A/N: Another short chapter.
Two months later.
Jane:
I see you across the cafe from me. Ma is telling you about a new recipe she tried and she's encouraging you to try it out. You learned your lesson weeks ago not to try new recipes from Ma. At least until she made me taste them. I feel sort of bad for you but I'm actually quite amused by this. This is where your kindness gets you, Maur. You're willing to do anything Ma asks, even if you don't want to. You take a bite of whatever that is and make a face that only I can understand. You are truly disgusted but Ma doesn't see that. In fact, if anyone looked at you, they won't see it. They would think you were uncomfortable but that's all.
"Why don't you just go talk to her?" Vince ponders, and I guess he's been watching me watch you. I look at him like he's stupid and just said the most absurd thing ever. "I mean, you haven't talked to her in weeks. I know that you miss her."
"I talk to her all the time, Korsak." I start pushing my food around on my plate to distract myself from watching you. If I even look at you again he'll make a big case of it.
"No you don't." He isn't buying my lie. I decide to just give up but Ma saves me from admitting to defeat and missing you.
"Is there anything else I can get you, Janie?" She asks, observing my full plate. "You haven't touched your food."
"Yes I have!" I defend in the only way I know how to Ma. I get louder than her. "This was over here." I use my fork to point to the chicken. "And this was here." I point to the pasta.
"I don't know why you hate me." She shakes her head. "Would you like something else?"
"I told you when I got in here that I'm not hungry." I did tell her that. I wasn't hungry.
"You always say that now." Vince jumps in and I give him a look. His eyes dart back down to his plate. That's what I thought.
"I'm just not hungry, Ma." I say, apologetically. Hopefully that will get her to back off. "I'm sorry. I'll take this home with me and finish it when I do get hungry." This is a lie. I'm just going to throw it away like I do everything else she makes for me. I feel bad about it. I should start giving it to a homeless people, at least they'll enjoy it.
"Promise?" She looks at me.
"I promise this will be eaten." I smile. By a homeless person I spot on my way home. This pleases her because she smiles big then walks away. Vince is still staring down at his food as he eats it. I smile, pleasingly. I'm still afraid to look at you again so I keep my eyes on my own barely touched food.

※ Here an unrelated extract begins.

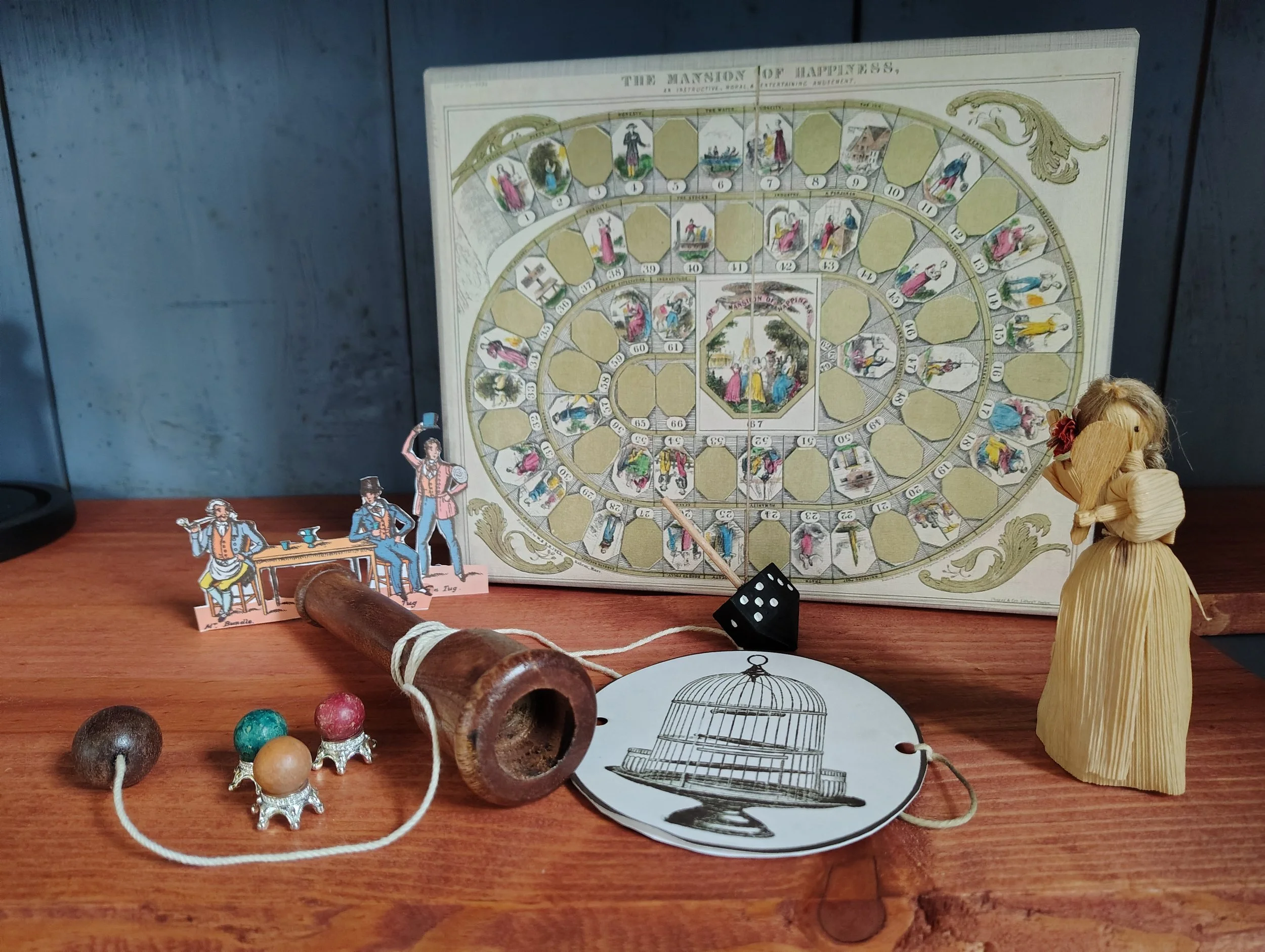 The exhibit “Scope of Play: A Look at Toys Across the Socio-Economic Levels of the American 1820s to the 1840s” is available as a Museum Trunk. The trunk contains most of the toys from the exhibit, plus an exclusive item not found in the original display. In keeping with the exhibit’s tagline, “Toys are for everyone,” the museum trunk can be checked out by schools, home schools, and organizations, anyone who wants to teach and learn about past times of the early 1800s.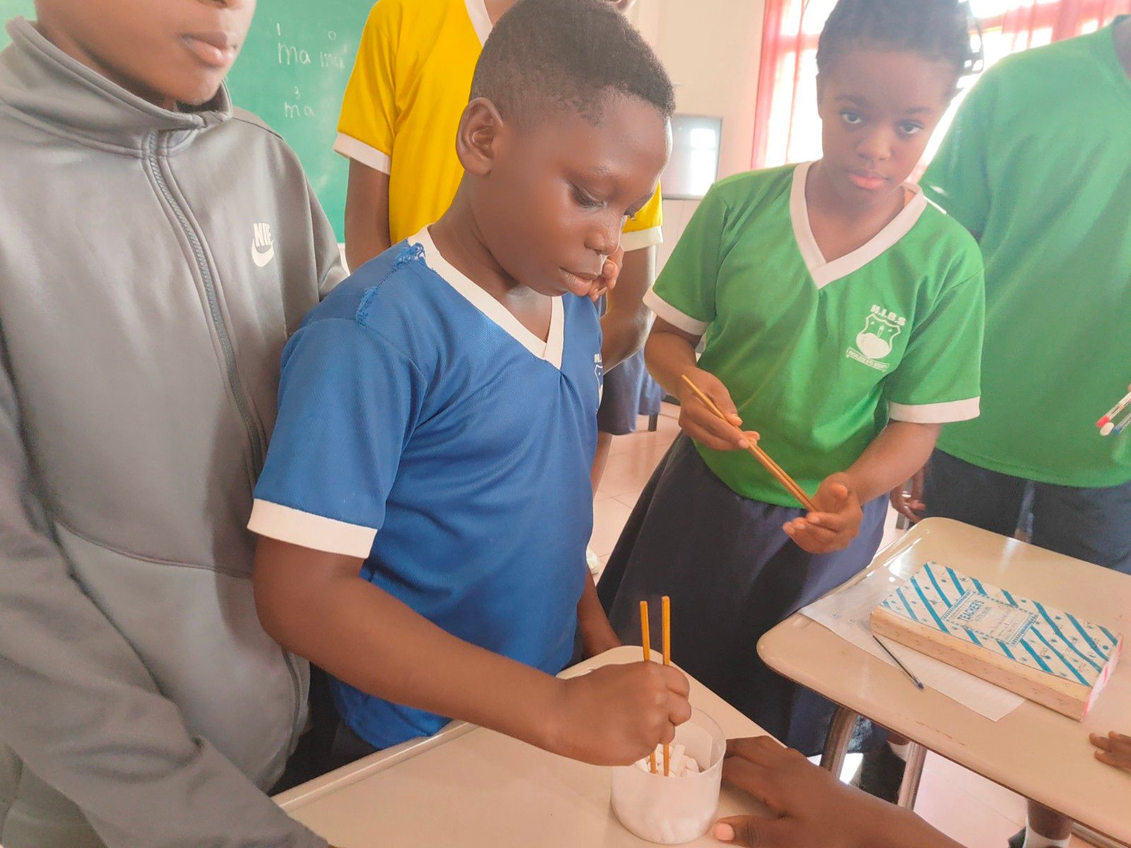 苏子波负责给国际部的不同年级临时组成的混合班级上课。他先教孩子们中国人打招呼的方式,从“你好”到“您好”,从“吃了吗”到“去哪儿”,既注重讲授语言使用的正确场合,也注重培养孩子们的礼貌意识。随后,他用“妈妈骑马”绕口令让孩子们感受汉语声调的奥妙。最后,他拿出事先准备好的筷子教孩子们如何使用。由于筷子数量有限,学生们争先恐后“抢”筷子,有的很快就学会用筷子夹起粉笔头了。

I see you from the corner my eye and I try to keep my eyes focused on the plate. "Hey doc," Vince says. "Where ya going?"
"I..." You look at me to see if it's okay to stay. I don't say anything. I just continue to look at my plate. "I...I have a date."
"A date?" He looks at me then back to you. "With who? Isn't it a little early for a date?"
"We have odd schedules." You explain. "We picked the most available time for both of us."
"With who?" He asks you again, not letting go of that question like it'll save his life. "Is it with someone here?"
"No." You seem so...sad. I try not letting all of this information get to me. I try not letting it anger me because this is what I signed up for. This is why I signed up for it. You would move on and we both suspected it. I just didn't think it would be so soon. I only hoped it would be after I moved on, myself.
"A doctor?" Vince questions.
You hesitate for a moment, I can tell your eyes are probably begging for me to tell you it's okay. "Yes." You finally give up. "I have to get going. She doesn't like it when I'm late." You walk away without another word and Vince looks at me.
"She?" He repeats. I only shrug. "Since when is the Doc a skirt chaser?"
"Don't know." I start pushing my food around on my plate, again. I know he can tell that I'm angry but I'm too pissed to care. I got myself into this. I could've had my chance with you and I blew it. It's too late to tell you that I want you now. It's too late to even try to tell myself that. I've come too far. I'm accomplished too much. I can look at other women now and see their beauty without comparing them to you. I can genuinely think something's funny and want to laugh at it. I haven't been able to get laughing down yet. I'm not as mean as I was to everyone else because I was trying my best not to be mean to you.
I can't let myself go there with you now. I'm moving on too and that's the way it's supposed to be, right? That's the way things ought to be. Us happy with other people because God knows we can't make each other happy. I'll be happy, again. I'll be happy again one day.
I know a bunch of you will judge Maura. And I'm okay with that. But whatever you say about her, remember that not everything is as it seems.